Saturday, May 24, 2014

Post-Graduation Thoughts

Is there anything that prepares you for this moment in time? Are you ever truly ready? The answer to both of those questions, I've found seems to be a resounding "no." But as I've said before, that's ok.

I graduated. I walked across the stage of my beloved college church, received my diploma, and shook the president's hand (university president that is). I cried through my entire high school graduation because I felt like it was the end of everything. If only I'd known it was just the beginning I probably wouldn't look so red-faced and bleary eyed in all my high school pictures. When I graduated from college it was a whole different feeling. I sat with three of my dearest animal science friends and anxiously awaited our names being called. The feeling I felt when I finished college a mere 3 weeks ago was pure joy. I was so excited to get my "diploma" (the actual piece of paper is coming in the mail) and just be done with college.
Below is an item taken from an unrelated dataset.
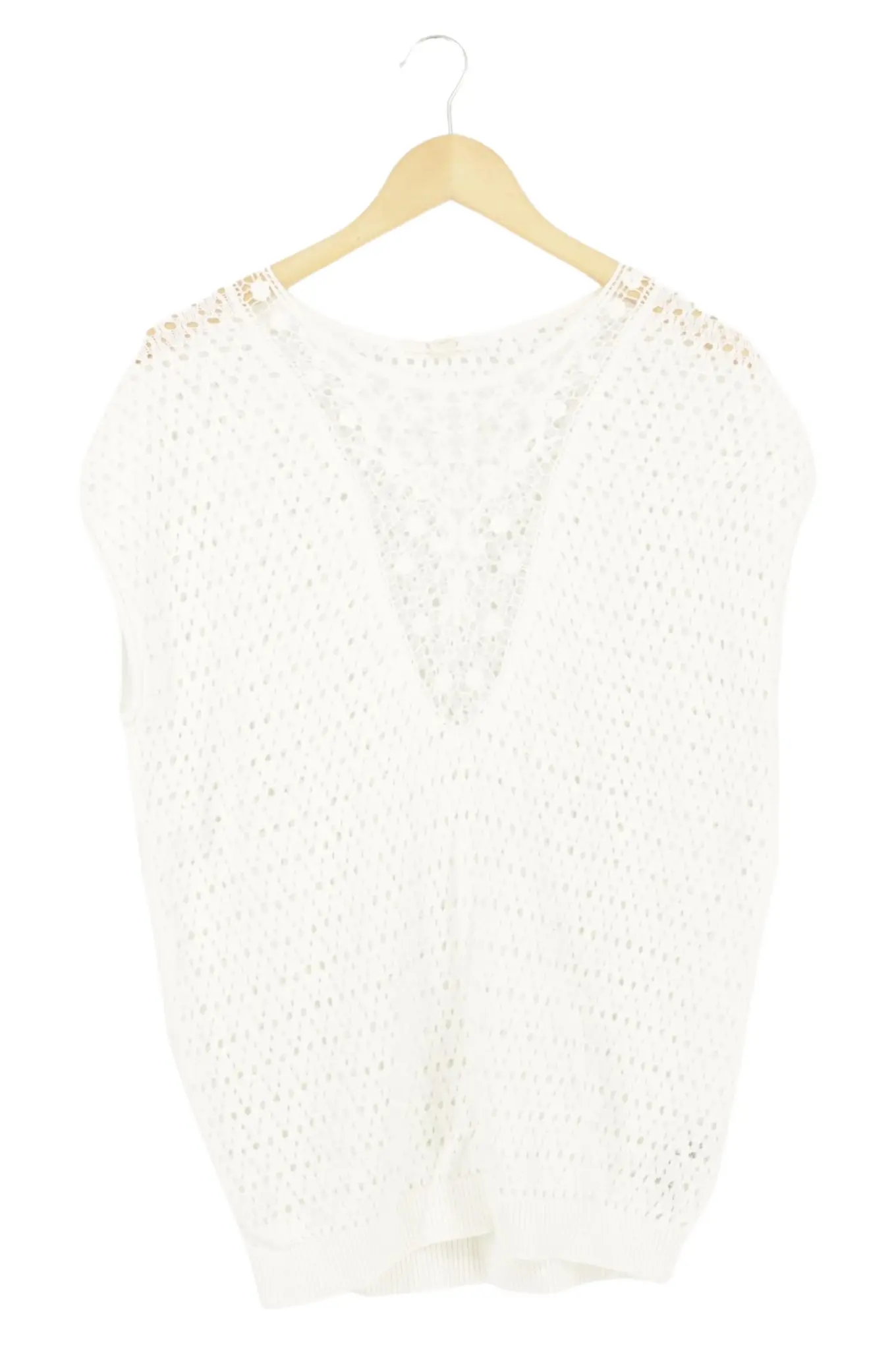 ESPRIT Damen Pullunder Weiß Gr. 32/XS Lochmuster Elegant Preppy

In my last post I talked about how nervous I was and discussed some of the truly great reasons I was totally ready to graduate, nerves and all. I'm now here to tell you, I feel the exact same way I did 60+ days ago. I'm ecstatic to begin a new adventure and to spend some time significantly closer to my main squeeze; eight months of long distance just won't fly anymore. I'm moving to a great town in my favorite state of all, North Dakota (don't tell Michigan).

Of course all the nervousness about this new chapter hasn't dissipated but I'm more excited than ever to start a phenomenal internship (that's PAID!!) and into my very first apartment! (I'm so excited about my apartment that it will probably get it's own blog post all together.) As is the hope with all students post grad, I want to continue learning. If a person stops learning they become stagnant and static and even useless. So in an effort to not be THAT person, I'm going to may take a couple of free online courses and definitely read more. I want to read for the sake of reading and gaining knowledge about myself and the world. I think this is getting rambly..

The point of all these words is just to say, although I didn't get the job I was hoping for, I still have something incredible and I'm going to be something incredible. That is all.

Tuesday, March 4, 2014

I'm about to graduate from college. I have my regalia, I all but have my degree in my hand. I'm on what should prove to be a successful hunt for a job. I have a very supportive family and boyfriend. So riddle me this, why am I so scared? Why am I so worried about where I end up, what I'll be doing, or even what state I'll be in? I have zero answers to these questions but here's what I do know.

I will be graduating with a Bachelor of Science in Animal Science from a school nobody has heard of. But that's ok because that means they don't know what to expect. Having a degree makes me eligible for better opportunities as well as better pay, both of which are positive things though neither really matter that much to me. Because no one has ever heard of my school I don't have to worry about fulfilling someone's expectations of how they think a graduate from [insert ivy league school here] should act a certain way and perform to levels potentially beyond that person's capabilities. I don't have that pressure. I just need to go out there and be myself...which is also scary.

I'm confident in my career choice. I know what I want to do and I'm ready to pursue it. There are a lot people who still aren't quite 100% sure what they're going to do and that's ok too. But I think it's reassuring to know that I want to go into zoo education and have some sort of basic outline for what my life will look like down the road. That's not to say I have a 5 year plan, because I totally don't, and I'm ok with that.

I have an incredible support system between my friends, family, and boyfriend. They are all ready to see me go places and achieve great things and I hope for their sake that I don't let them down! But I know that if I do fail, I have a soft place to land.

So am I nervous about graduating? Yes. Am I ready to graduate? Absolutely! Look out world, I'm coming at you in 60 days! Are you ready?